I have 14 comments, each preceded by "**".

_______________________________________

** Minor:  [uri:hasURI ] This property should be asserted explicitly  
-- it is NOT inferred..  Well, for anything in the system identified  
by a URI, one URI can be inferred for it.
Actually the "this should/should not be inferred is a funny  
distinction which I don't find useful.
Anything can be asserted, whether or not axioms exist which allow it  
to be inferred.

_______________________________________

** Minor:  The practice of putting "has" on every predicate is one I  
don't like, I prefer just "location".   This reads better in N3, makes  
a better UI in Tabulator, etc.   (N3 allows you to add "has" as an  
ignored keyword if you  have to but people don't.) Also for the HTTP  
headers it is neat to just use the headers exactly.

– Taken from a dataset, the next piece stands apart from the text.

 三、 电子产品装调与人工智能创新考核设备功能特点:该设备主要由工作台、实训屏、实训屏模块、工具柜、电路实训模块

_______________________________________

** Thet Tabulator's httph:  ontology (http://www.w3.org/2007/ont/ 
httph#) ch I think is more or less equivalent to your http: ontology.   
It is defined to have one predicate for any header in an HTTP message  
-- only a few are documented in th ontology file explicitly.  So you  
can write rules and code generally. There is a separate
http://www.w3.org/2007/ont/http# (no trailing 'h') for the HTTP  
framework ontology.

Dhttp:hasGetReply    rdfs:subclassof  Thttp:request.  # Maybe

_______________________________________

** General comment on datatypes:   Most people use untyped strings in  
RDF and N3.

_______________________________________

** Should the HTTP status code be a string or an int? Cleaner to make  
it an integer, I think.

	?reply http:status 200.
rather than
	?reply http:hasStatusCode "200"^^xsd:string .

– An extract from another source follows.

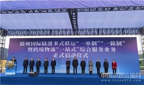 贛州市委常委、南康區委書記何善錦出席,贛州市政府副市長鄒治宇宣布贛州國際陸港多式聯運“一單制”“一箱制”暨跨境物流“一站式”綜合服務業務正式啟動,贛州國際陸港黨工委書記賴彥辰致辭,贛州市政府副秘書長王彥主持,江西中遠海運集裝箱運輸有限公司、贛州陸港國際物流服務公司等企業負責人介紹多式聯運“一單制”“一箱制”和跨境物流“一站式”綜合服務業務情況。

so that you can do integer comparisons.

_______________________________________

** Minor: I suggest you separate the rules themselves from the  
debugging bits.

_______________________________________

** Major.  You say:

{
         ?u1 a xsd:anyURI .                      # Old URI
         ?r1 uri:hasURI ?u1 .
         ?u2 a xsd:anyURI .                      # New URI
         ?r2 uri:hasURI ?u2 .
         ?u1 http:hasGetReply ?reply1 .          # IF ?u1 derefs to ? 
reply1
         ?reply1 http:hasStatusCode "301"^^xsd:string .  # ... with  
301 status
         ?reply1 http:hasLocation ?u2 .          # ... and new URI ?u2
} => {                                          # THEN they denote
         ?r1 = ?r2 .                             # ... the same thing.
         } .

I don't think this is correct.   After much thought.   I think we need  
a "same work as".

r1 and r2 can be for example the current front page of the NYTimes and  
a permalink (as they say)  for the same page.  If you assert =  
(owl:sameAs) then anything which applie to one applies to the other.    
This includes for example ?r1 uri:hasURI ?u2 for example.   I think it  
includes a lot of things one would expect to be the same, like access  
control and copyright and authorship etc .. so "Same Work As" is  
useful.  But other things are not the same   ?r1 and ?r2  may be  
content negotiated, so one is more generic than the other, for  
example, as some people to conneg on a redirect.  So some of the http://www.w3.org/2006/gen/ont# 
  ontology may apply between them.

Because of the possibility of conneg, it is tricky to deduce many  
things.

The tabulator at the moment classes as a TextDocument anything which  
has any http:getReply (through 301, 303, 307) of content-type text/.    
and similarly for image/* assumes it is a foaf:Image.  This results in  
a different user interface , and a different icon.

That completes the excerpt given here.